> **Records for this exercise**

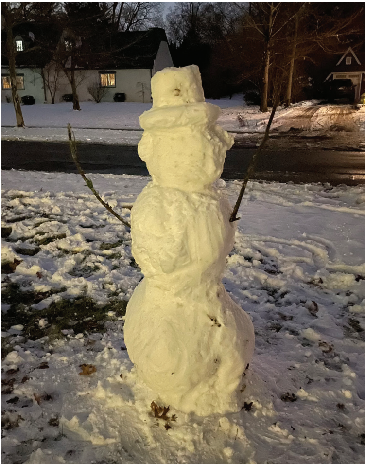
The Eckert family decided to make Fosty the Snowman before the snow melted last month!
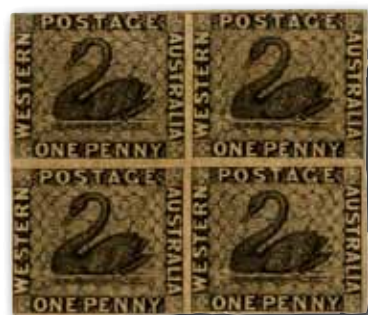
1854, 1d black, fine unused block of four.
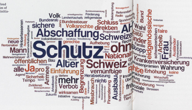
A word cloud from titles of popular initiatives
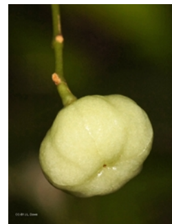
Fruit.
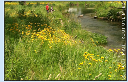
A pair of fishermen angle for trout in a restored section of Mossy Creek (Augusta County, Virginia), surrounded by a buffer of native wildflowers, grasses, and forbs

Shrubs and trees stabilize the soils along the stream and the banks. They provide shade, which helps cool the stream, increasing dissolved oxygen and the ability of fish and beneficial insects to survive. And a healthy, wooded stream
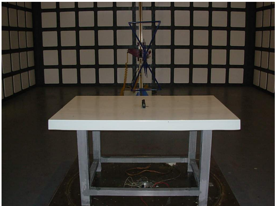
BACK VIEW OF TEST (SIDE, LOW FREQUENCY)
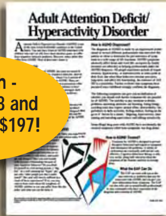
E-010 Adult Attention Deficit/Hyperactivity Disorder WHAT: Definition and description. Signs, symptoms, motivating employees to get help. WHERE TO USE: EAP direct service, EAP promotional events, waiting room.
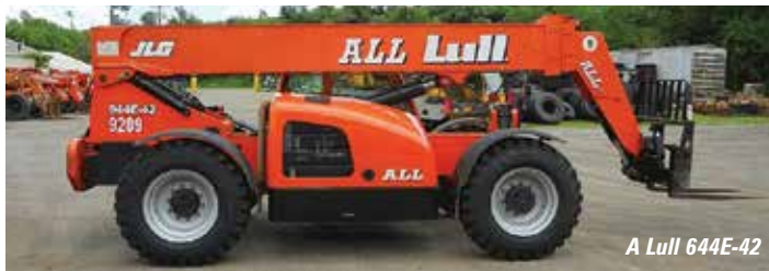
A Lull 644E-42
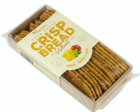
Wheat Flat Bread with Cheese, Tomato & Basil 10 x 130g 4771218201935
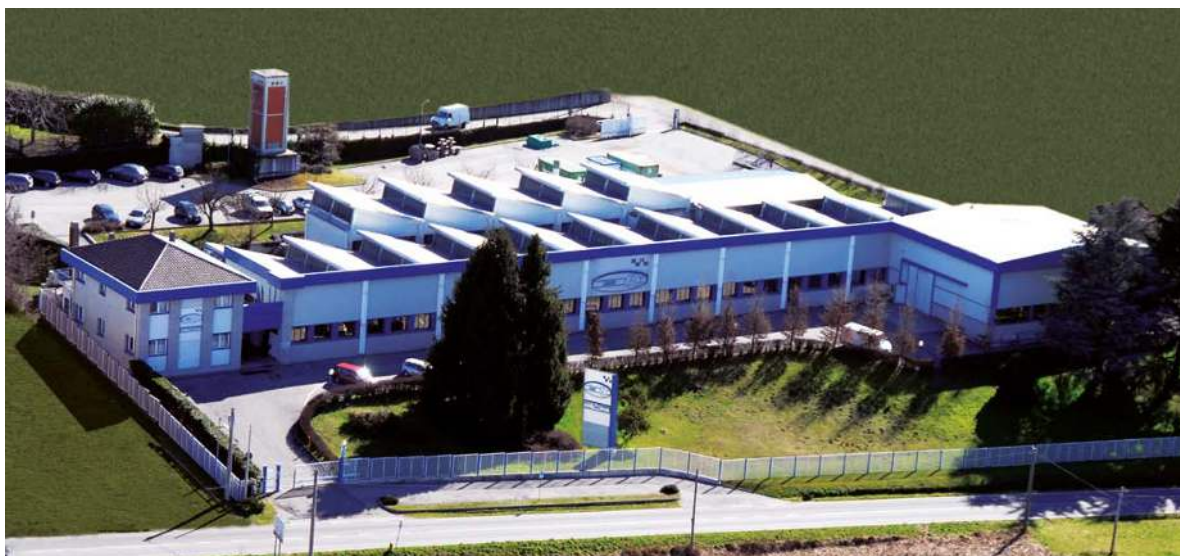
GNR Head Office and Production Site is located in Agrate Conturbia (Novara), near Lago Maggiore; 20 minutes from MALPENSA Airport.

GNR designs and produces X-Ray Diffractometers (XRD) and X-Ray Fluorescence Spectrometers (XRF) for the study of material structure and elemental composition for both academic and industrial applications.
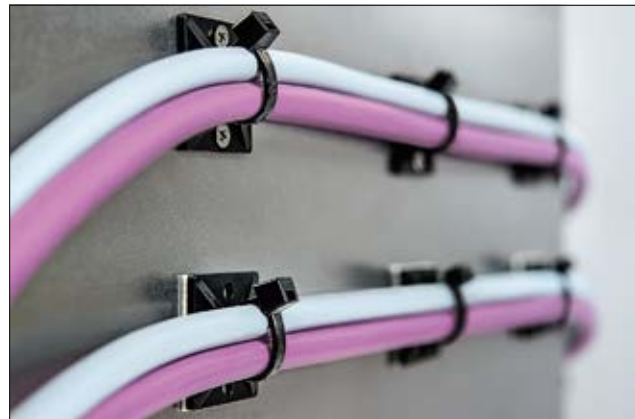
MB-Series Mounts with square design / screwable, self adhesive.
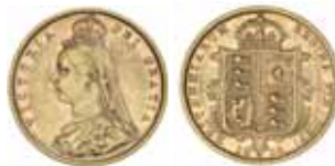
1098* Queen Victoria , Jubilee head, 1893 Melbourne. Very fine/good very fine.
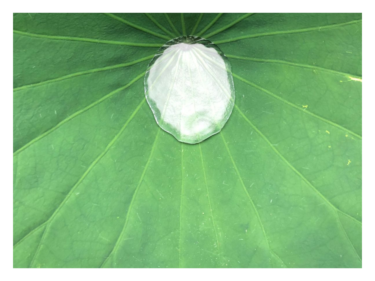
Raindrops gather into a delicate puddle in the center of a lotus leaf (Nelumbo nucifera).
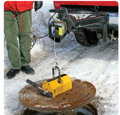
Pictured Right: Optional Front Bumper Adaptor (MCLBA12) for C-Channel bumpers
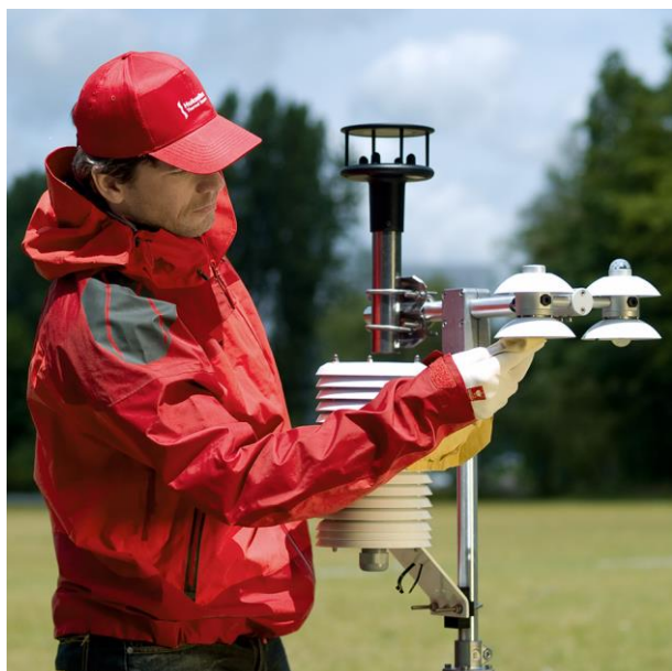
Figure 2 NR01 in use in a typical meteorological station
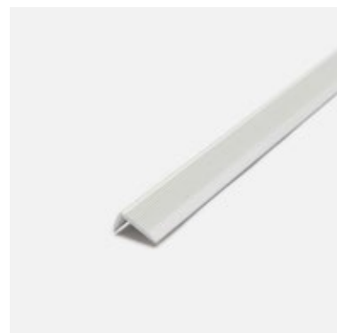
MULTI ANGLE 3400 x 19 x 7mm
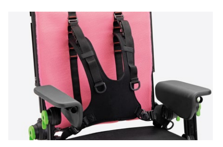
853 Vest harness Available in two sizes.
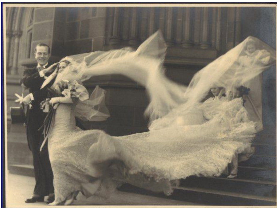
National Library of Australia
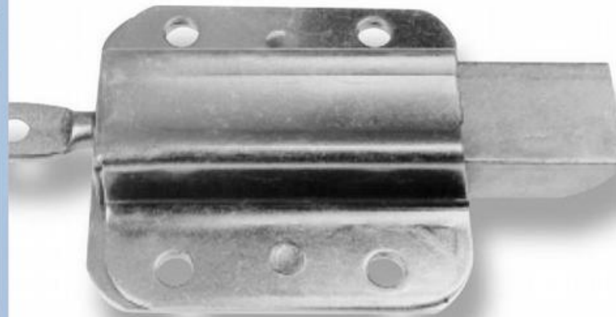
3/22388 'Nose-up' bolt allows use on inward-opening doors
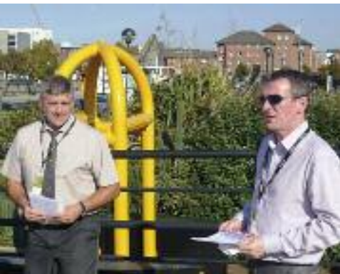
Enticing people to come to the ASLEF fringe – and yes, those blue skies are Liverpool a few days before October!
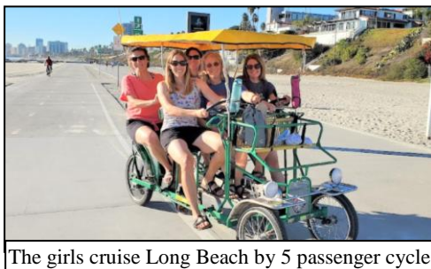
The girls cruise Long Beach by 5 passenger cycle

> **Description of the task**
Your answer must be an exact copy of the lines from the start of the entries through the line with "GNR Head Office", with no pictures.

> **Solution for this task**
The Eckert family decided to make Fosty the Snowman before the snow melted last month!
1854, 1d black, fine unused block of four.
A word cloud from titles of popular initiatives
Fruit.
A pair of fishermen angle for trout in a restored section of Mossy Creek (Augusta County, Virginia), surrounded by a buffer of native wildflowers, grasses, and forbs

Shrubs and trees stabilize the soils along the stream and the banks. They provide shade, which helps cool the stream, increasing dissolved oxygen and the ability of fish and beneficial insects to survive. And a healthy, wooded stream
BACK VIEW OF TEST (SIDE, LOW FREQUENCY)
E-010 Adult Attention Deficit/Hyperactivity Disorder WHAT: Definition and description. Signs, symptoms, motivating employees to get help. WHERE TO USE: EAP direct service, EAP promotional events, waiting room.
A Lull 644E-42
Wheat Flat Bread with Cheese, Tomato & Basil 10 x 130g 4771218201935
GNR Head Office and Production Site is located in Agrate Conturbia (Novara), near Lago Maggiore; 20 minutes from MALPENSA Airport.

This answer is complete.